ZFKC原理及源码解析

原理

概述

NameNode主备切换主要由 ZKFailoverController、HealthMonitor 和 ActiveStandbyElector 这 3 个组件来协同实现。
HealthMonitor负责监控NN的健康情况,起一个线程去发送rpc请求,根据响应来确认NN状态,一旦状态发生改变通过回调函数通知zkfc
ActiveStandbyElector主要负责凭借ZK进行协调,监听zk集群节点,用作选举

ZK集群上有两个路径用于Hadoop HA切换
一是/hadoop-ha/{dfs.nameservices}/ActiveStandbyElectorLockactive路径用于创建临时节点,也就是锁
二是/hadoop−ha/{dfs.nameservices}/ActiveBreadCrumb路径用于创建永久节点,存储ANN的地址信息
正常情况下,临时节点删除时候会将永久节点一并删除

[zk: localhost:2181(CONNECTED) 10] ls /hadoop-ha/xxxxx
[ActiveBreadCrumb, ActiveStandbyElectorLock]

当ANN的HM监控到NN状态异常,通过回调函数通知zkfc,zkfc调用ASE方法进行退出选举,即删除zk节点;或者ZKFC整个服务不可用,长时间不向zk集群发送心跳,zk集群删除ha节点。
其他SNN通过ASE监控到zk集群Active节点被删除,如果自身状态健康,会在ActiveStandbyElectorLockactive路径下创建临时节点,即抢夺锁。
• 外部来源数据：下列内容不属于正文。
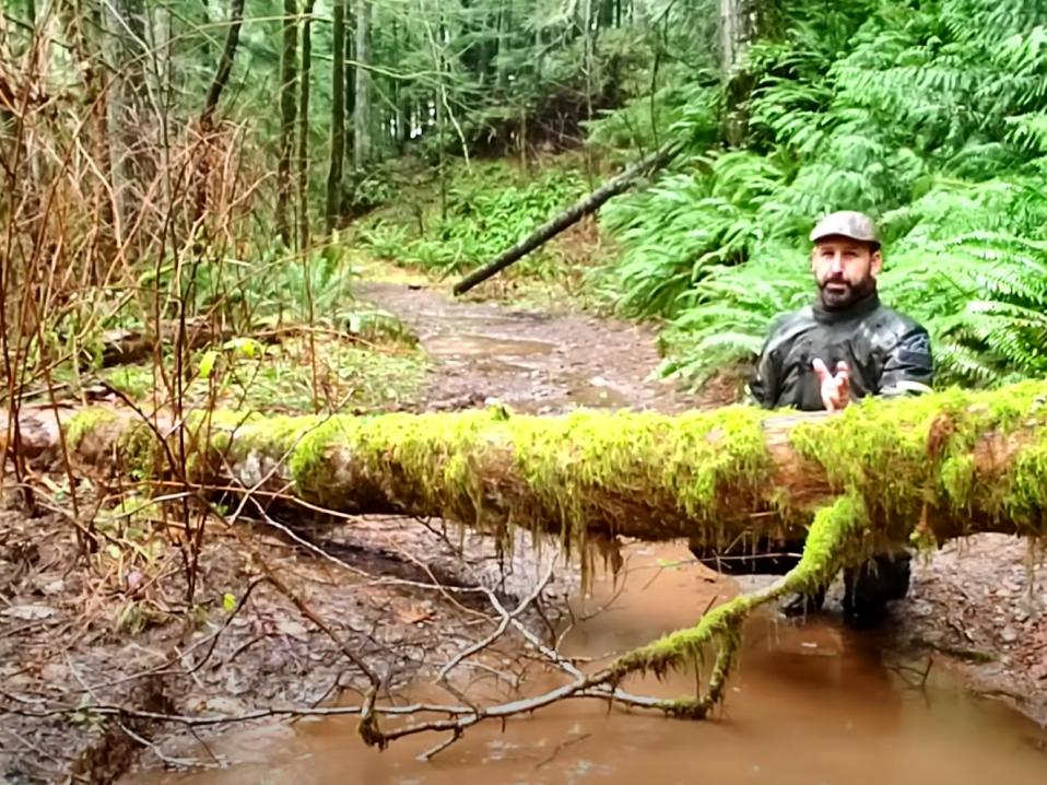 Videon alkuperäinen tarkoitus on näyttää, miten ylittää mutaisella tiellä oleva puunrunko. Tkacs esittelee paikan ja kertoo, miten aikoo sen tehdä ja kertoo myös riskit.

当SNN创建成功,会去检测面包屑路径下是否有节点存在,如果存在,尝试将节点删除,通过调用transitionToStandby方法删除,如果删除不了会使用ssh登录kill进程或者启动shell脚本来fence ANN。
如果删除不掉会放弃锁,退出选举,等待一段时间(为了让其他的SNN能够抢夺锁),如果删除成功,会调用becomeActive方法,底层调用transitionToActive方法将NN变成ANN。

zkfc服务如下图所示
ZKFC组件
zkfc状态机如下图所示
ZKFC状态机
hadoop官方issue详细介绍了ZFKC的设计功能
https://issues.apache.org/jira/browse/HDFS-2185

流程

1.HealthMonitor 初始化完成之后会启动内部的线程来定时调用对应 NameNode 的 HAServiceProtocol RPC 接口的方法,对NameNode 的健康状态进行检测。

2.HealthMonitor 如果检测到 NameNode 的健康状态发生变化,会回调 ZKFailoverController 注册的相应方法进行处理。

3.如果 ZKFailoverController 判断需要进行主备切换,会首先使用 ActiveStandbyElector 来进行自动的主备选举。

4.ActiveStandbyElector 与 Zookeeper 进行交互完成自动的主备选举。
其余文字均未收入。